大家看看，有没有问题（这几天脑袋发昏），欢迎指教：）

 
 
 
三对三有解。
我用 Python 写了搜寻答案的程序。
要知道其它组合有没有解，只要改一改 “mCOUNT, cCOUNT = 3, 3” 这一行然后运行就知道了。
有空的话我会译成 Java 贴上来。

'''
Solve the Missionaries And Cannibals Puzzle by trying all legal moves.

The puzzle imposes two constraints:
    1) Relative headcount: missionaries must be >= cannibals at any point.
    2) Boat capacity: max is two.
'''

def comb( items, r ):
    '''Returns all combinations of elements in items taken r at a time.'''
    if r == 0:
        yield ( )   # Returns tuple to enable direct conversion to set.
    else:
        for i in xrange( len( items ) ):
            for subComb in comb( items[ i + 1 : ], r - 1 ):
                yield ( items[ i ], ) + subComb

# Simply represent the elements of the puzzle by characters.
MISSIONARY, CANNIBAL, BOAT = 'm', 'c', 'B'

mCOUNT, cCOUNT = 3, 3

# Constraint #2: boat capacity.
nMAXCROSSER = 2
nMINCROSSER = 1

class RiverSide:
    '''Represents the state of a riverside.'''
    def __init__( self, men = [ ], boat = [ ] ):
        self.men = men
        self.boat = boat

    def __eq__( self, other ):
        self.men.sort( ); other.men.sort( )
        return self.men == other.men and self.boat == other.boat

    def __repr__( self ):
        return 'BOAT' + `self.boat`.ljust( 8 ) + 'MEN' + `self.men`

    def _xferBoat( self, otherSide ):
        '''To be called only by xferMen( ).'''
        otherSide.boat.append( self.boat.pop( ) )

    def xferMen( self, otherSide, menList ):
        for man in menList:
            otherSide.men.append( self.men.pop( self.men.index( man ) ) )
        # Nice to automate boat xfer here.
        self._xferBoat( otherSide )

    # Constraint #1: relative headcount.
    def fatal( self ):
        '''Returns true iff the cannibals outnumbers missionaries.'''
        mCount = self.men.count( MISSIONARY )
        return mCount and mCount < self.men.count( CANNIBAL )

class RiverScene:
    '''Represents the state of a riverscene.'''
    def __init__( self, sourceSide = RiverSide( ), targetSide = RiverSide( ) ):
        self.source = sourceSide
        self.target = targetSide

    def __eq__( self, other ):
        return self.source == other.source and self.target == other.target

    def __repr__( self ):
        return `self.source` + '\n' + `self.target`

    def fatal( self ):
        return self.source.fatal( ) or self.target.fatal( )

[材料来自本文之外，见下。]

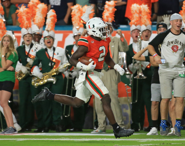 On that one, with just 22 seconds left before the half and with Ian Book in for Wimbush, freshman Trajan Bandy snagged the ball and scored on a 65-yard return, giving the Hurricanes their first defensive score of the season.
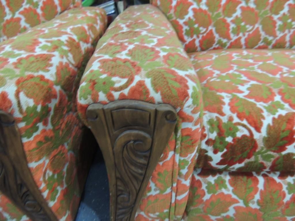 SOFA AND CHAIR VINTAGE 1950S UPHOLSTERED RED AND GREEN LEAF DESIGN. AS SHOWN. SEE PHOTO FOR MORE DETAILS.
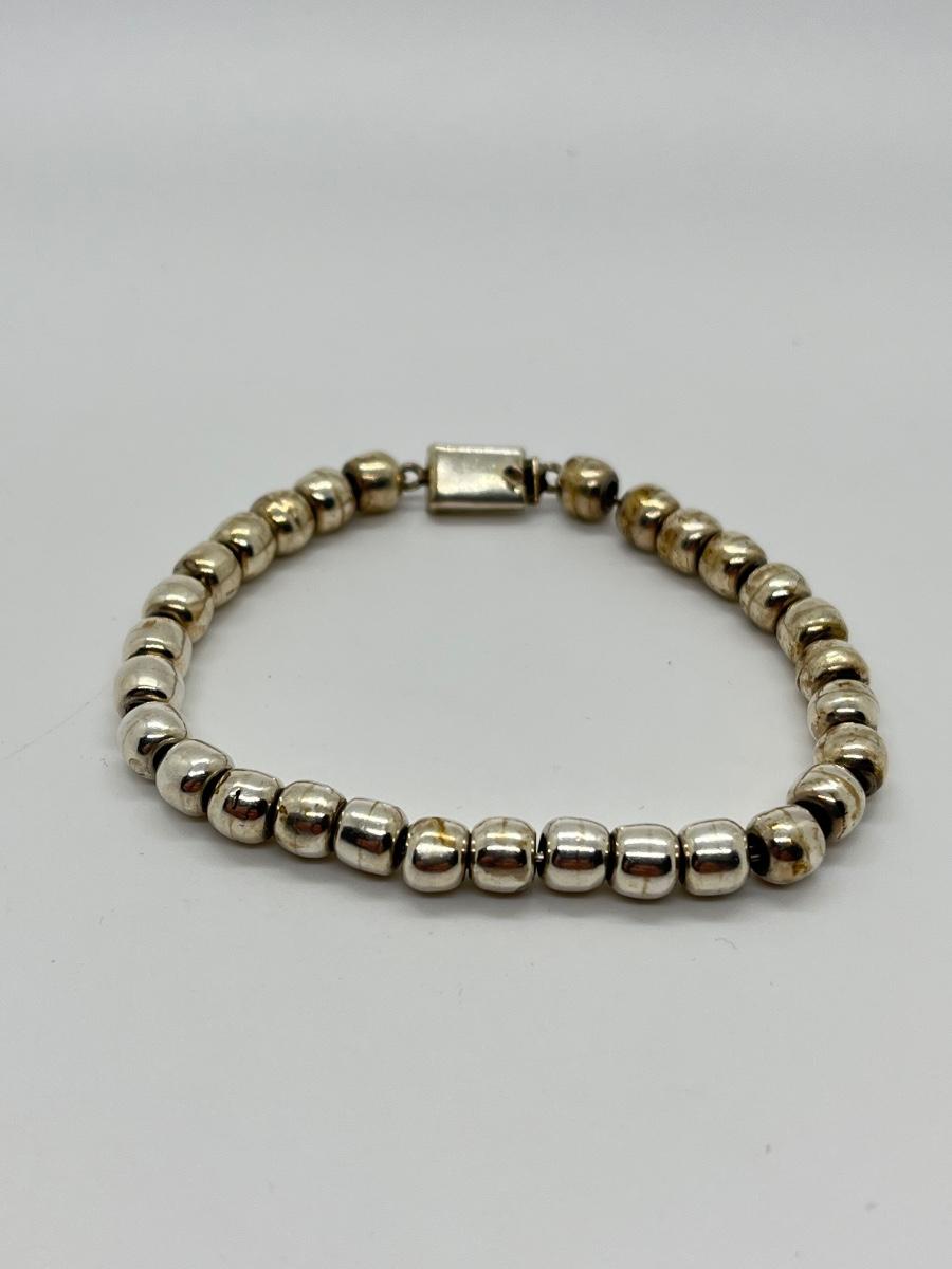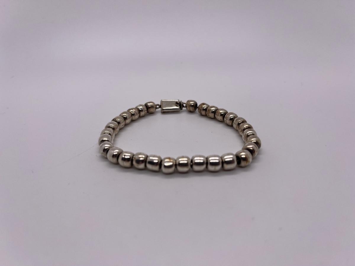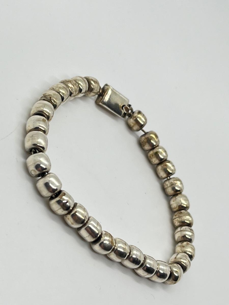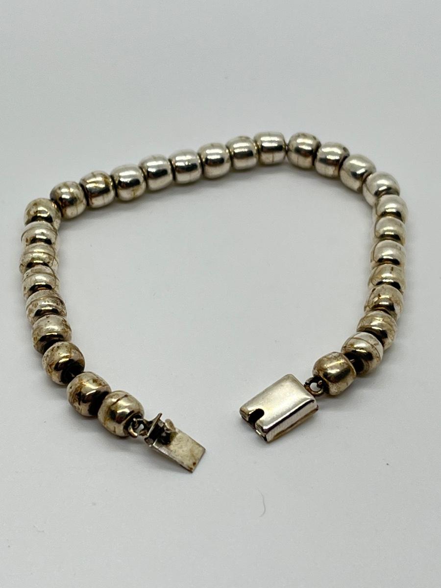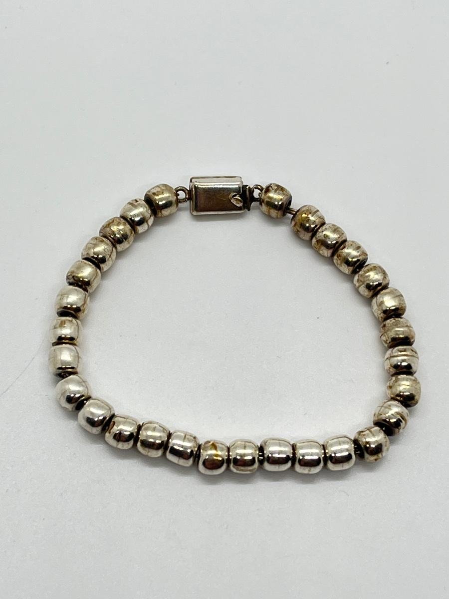 LOT 24: Vintage 7" Mexico 925 Silver Beaded Bracelet on Silver Chain
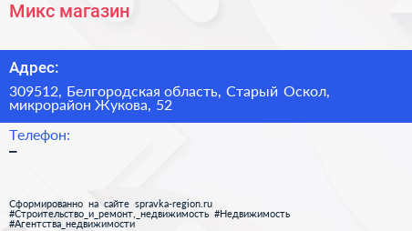 Микс, магазин по адресу 309512, Белгородская область, Старый Оскол, микрорайон Жукова, 52 в дальнейшем Организация, размещена в следующих категориях:
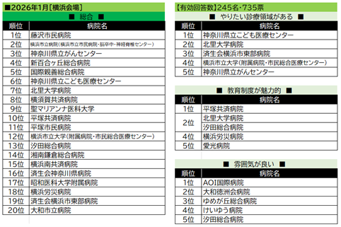 【横浜会場】では、国公立・大学病院等、多種多様な病院が各ジャンルでランクイン。「総合」トップは藤沢市民病院、「教育制度」では平塚共済病院、「雰囲気」ではAOI国際病院と民間病院も目立つ結果となった。
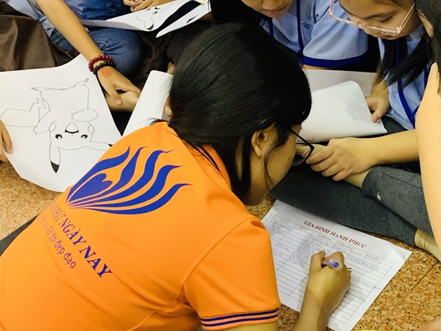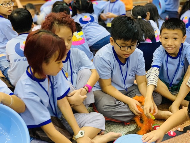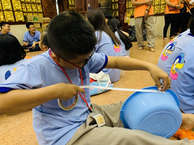 Để chuẩn bị cho lễ rửa chân trong kỳ tu học tiếp theo, hơn 100 thau được chia cho 10 (mười) gia đình: Trí Tuệ, Từ Bi, Hạnh Phúc, Vị Tha, Yêu Thương, Chia Sẻ, Bao Dung, Tha Thứ, An Lạc, Hoan Hỷ và nhiệm vụ các bé chính là trang trí chúng. Nhiệm vụ không chỉ mang tính làm đẹp, mà còn gửi gắm cả tình yêu thương qua sự hồn nhiên, mộc mạc tự tâm hồn ngây thơ của các bé.
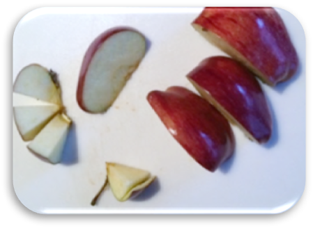 - Ask, “If you look at a globe or map, what is the main color you see?” (Blue) Cut the apple into four equal-sized wedges. Nearly three of these quarters represent land covered in water. Set these aside.
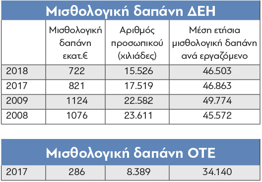 Για τη μισθοδοσία ανά εργαζόμενο η ΔΕΗ δαπανά 50% περισσότερα από το ελληνικό Δημόσιο, το οποίο γενικά θεωρείται «καλός» εργοδότης. Αλλά και με την ΟΤΕ Α.Ε. συγκρινόμενη, η μισθολογική δαπάνη ανά εργαζόμενο στον όμιλο ΔΕΗ το 2017 ήταν 37% υψηλότερη. (Συγκρίνουμε με την εταιρεία ΟΤΕ Α.Ε. και όχι με τον όμιλο, διότι ο όμιλος ΟΤΕ απασχολεί πολλούς εργαζόμενους σε Ρουμανία & Αλβανία, όπου το μισθολογικό κόστος είναι πολύ χαμηλότερο, οπότε μια τέτοια σύγκριση θα «αδικούσε» τη ΔΕΗ.)
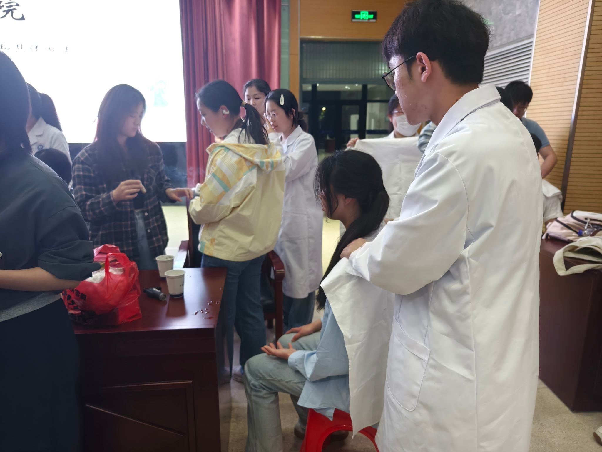 第一临床公司的同学开展了艾灸灸法与推拿按摩手法的宣讲,详细介绍艾灸历史、原理、适用人群和常用灸法,还提供免费艾灸体验。同时,演示多种推拿基础手法,教学自我按摩技巧,并科普常用穴位定位与功效,让同学们对养生保健知识有了更深入的了解。

def solve( firstScene, finalScene ):
    '''Returns a list of solution steps if solution's found; else returns None.'''
    def solutionSteps( takenSteps ):
        '''
        The solution searching recursive workhorse function.
        Takes a list containing the first scene and returns a list of
        solution steps leading to the final scene if solution was found.
        Optimizations done:
            1) elimination of equivalent combinations of men to be moved
            2) maximization of headcount to move from source
               (minimization for the reverse direction)
        '''
        lastStep = takenSteps[ - 1 ]
        if lastStep == finalScene: return takenSteps

        from copy import deepcopy
        newStep = deepcopy( lastStep )

        # To enable moving of both direction to share the same chunk of code.
        start, stop, step = nMAXCROSSER, nMINCROSSER - 1, -1
        src, dst = newStep.source, newStep.target
        if dst.boat:
            start, stop, step = nMINCROSSER, nMAXCROSSER + 1, 1
            src, dst = dst, src

        for nCrosser in range( start, stop, step ):
            for men in set( comb( src.men, nCrosser ) ):
                src.xferMen( dst, men )
                if not newStep.fatal( ) and newStep not in takenSteps:
                    takenSteps.append( newStep )
                    sol = solutionSteps( takenSteps )
                    if sol:
                        return sol
                    else:
                        takenSteps.pop( )
                # Rewind before trying next move.
                dst.xferMen( src, men )

    takenSteps = [ firstScene ]
    return solutionSteps( takenSteps )

# Setup.
men =  [ MISSIONARY ] * mCOUNT + [ CANNIBAL ] * cCOUNT
boat = [ BOAT ]
source = RiverSide( men, boat )
target = RiverSide( )
firstScene = RiverScene( source, target )
finalScene = RiverScene( target, source )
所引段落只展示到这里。